Von Claudia Koestler und Pia Ratzesberger, Wolfratshausen

Drei Infoveranstaltungen und Hunderte von Plakaten später ist die Politik in Wolfratshausen noch immer aus der Balance. Die Bürger müssen den gordischen Knoten in Sachen Bürgerladen lösen. Dafür fordert Bürgerladen-Sprecher Ernst Gröbmair einen Ausgleich: Als er sich zum Gespräch mit Bürgermeister Klaus Heilinglechner (BVW) und Bürgerladen-Standort-Kritiker Fritz Schnaller (SPD) bei der SZ trifft, ist zunächst auch Alfred Fraas anwesend. Zuviel für Gröbmair, das gegnerische Lager sei in der Mehrheit. Fraas geht, die Diskussion kann beginnen.

Bürgerladen und Sortiment

Setzen Sie sich nach all den Streitigkeiten noch gemeinsam an einen Tisch?

Schnaller:Leider ist die Diskussion um den Bürgerladen etwas persönlich geworden. Wir sind nicht ewig beleidigt, das ist Konsens zwischen mir und dem Bürgermeister, und es ist auch nicht so, dass ich Herrn Gröbmair nicht mehr grüßen würde, wenn ich ihn auf der Straße sehe (Gröbmair lächelt, Heilinglechner nickt).

Warum braucht Wolfratshausen einen Nahversorger im Zentrum, wenn andere Städte Flaniermeilen haben?

Gröbmair: Durch den Wegfall des Tengelmanns ist eine große Lücke entstanden. Bei einer Umfrage sagten 604 Leute, dass sie einen Lebensmittelladen wollen, davon 519 Befragte, dass sie fußläufig einkaufen können möchten.
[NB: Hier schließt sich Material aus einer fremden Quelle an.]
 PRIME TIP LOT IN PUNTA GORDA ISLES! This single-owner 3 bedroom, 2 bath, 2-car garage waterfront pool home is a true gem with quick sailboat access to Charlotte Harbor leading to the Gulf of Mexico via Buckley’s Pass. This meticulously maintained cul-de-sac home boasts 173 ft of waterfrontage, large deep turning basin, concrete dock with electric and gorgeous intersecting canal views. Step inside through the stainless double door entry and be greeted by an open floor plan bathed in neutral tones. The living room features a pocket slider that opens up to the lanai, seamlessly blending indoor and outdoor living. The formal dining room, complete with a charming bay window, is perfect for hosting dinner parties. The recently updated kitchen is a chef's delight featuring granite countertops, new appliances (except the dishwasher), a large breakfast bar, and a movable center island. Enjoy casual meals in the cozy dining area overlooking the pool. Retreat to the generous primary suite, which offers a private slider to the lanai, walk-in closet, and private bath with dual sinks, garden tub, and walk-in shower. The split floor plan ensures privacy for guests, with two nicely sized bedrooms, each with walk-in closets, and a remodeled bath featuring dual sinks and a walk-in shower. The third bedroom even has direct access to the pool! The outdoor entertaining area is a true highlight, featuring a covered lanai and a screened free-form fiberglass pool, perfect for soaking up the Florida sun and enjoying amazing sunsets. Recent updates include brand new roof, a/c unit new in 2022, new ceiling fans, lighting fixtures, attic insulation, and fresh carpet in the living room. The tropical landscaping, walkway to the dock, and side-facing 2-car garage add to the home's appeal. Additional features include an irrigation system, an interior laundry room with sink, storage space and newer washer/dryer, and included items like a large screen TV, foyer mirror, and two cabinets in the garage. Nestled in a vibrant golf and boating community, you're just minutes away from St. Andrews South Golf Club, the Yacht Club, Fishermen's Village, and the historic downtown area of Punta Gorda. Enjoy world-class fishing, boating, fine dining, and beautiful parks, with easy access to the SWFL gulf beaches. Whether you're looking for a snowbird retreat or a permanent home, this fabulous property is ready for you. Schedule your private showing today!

Viele Ältere und sozial Schwache leben in der Altstadt.

Heilinglechner: Klar ist, das Gros der Bürger erledigt seinen Wocheneinkauf beim Discounter. Es geht aber um diejenigen, die nicht so mobil sind. Meine persönliche Meinung ist, dass wir einen Bürgerladen brauchen, ich glaube aber auch, dass wir kein Geschäft im Hochpreissegment bekommen sollten. Wichtig sind mir regionale Produkte, damit lockt man auch Kundschaft von außen an.
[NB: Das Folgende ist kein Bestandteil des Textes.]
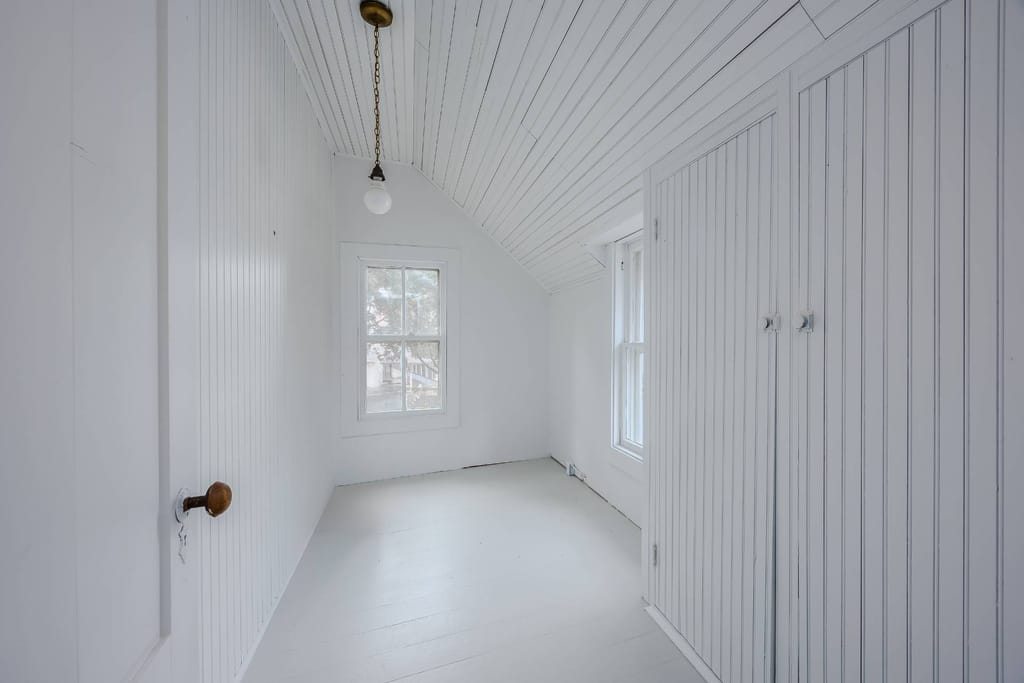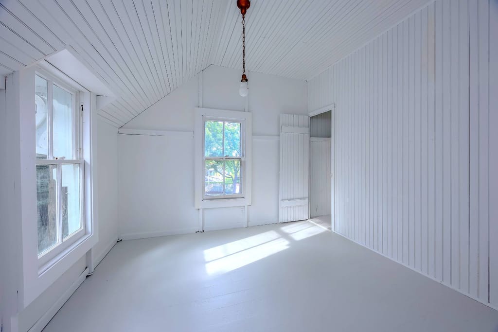 • The front bedroom includes a walk-in closet with two windows, and a screened door that leads to a Juliet balcony.
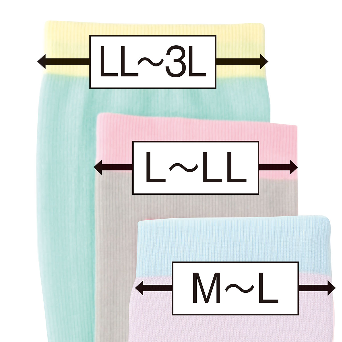 M~L:はき口裏側はライン無しL~LL:はき口裏側に1本ライン入りLL~3L:はき口裏側に2本ライン入り

Schnaller: Wir haben in der Altstadt vier Bäcker, zwei Obst- und Gemüseläden, zwei Feinkostläden, den grünen Markt, einige Cafés, Restaurants. Wo wir ein Nahversorger-Problem haben, ist in Waldram und Farchet. Ich lehne einen Bürgerladen nicht ab, aber leider ergeben sich Schwierigkeiten in der Umsetzung.

Welche?

Schnaller: Es kann sein, dass die regionalen Produkte überhaupt nicht angenommen werden, denn Sie haben hier am Ort einen Rewe. Was der alles an regionaler und an Bio-Ware anbietet, ist super.

Für Bürgerladen-Sprecher Ernst Gröbmair gibt es keine Alternative zum Standort Untermarkt 10. (Foto: Hartmut Pöstges)

Heilinglechner: Das ist doch keine regionale Ware!

Gröbmair: Da haben Sie aber schnell drüber geschaut, Herr Schnaller!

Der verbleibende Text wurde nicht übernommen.